◆ **Supplied material**:

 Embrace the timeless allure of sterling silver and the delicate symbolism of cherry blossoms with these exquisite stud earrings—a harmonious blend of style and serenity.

...

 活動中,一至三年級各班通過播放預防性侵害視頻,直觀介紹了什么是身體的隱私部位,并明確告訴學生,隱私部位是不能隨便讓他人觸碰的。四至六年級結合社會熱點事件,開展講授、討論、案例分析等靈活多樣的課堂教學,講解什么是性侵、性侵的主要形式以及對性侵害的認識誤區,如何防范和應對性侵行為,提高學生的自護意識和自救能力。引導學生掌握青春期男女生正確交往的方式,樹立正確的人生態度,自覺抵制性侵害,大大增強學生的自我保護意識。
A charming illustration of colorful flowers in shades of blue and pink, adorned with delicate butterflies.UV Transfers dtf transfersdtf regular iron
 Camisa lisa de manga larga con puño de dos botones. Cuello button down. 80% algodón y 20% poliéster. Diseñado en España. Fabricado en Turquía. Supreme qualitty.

◆ **Task objective**: In the entries above, tally the lines that hold the string "with" and give only the count.

◆ **Solution for this task**: 2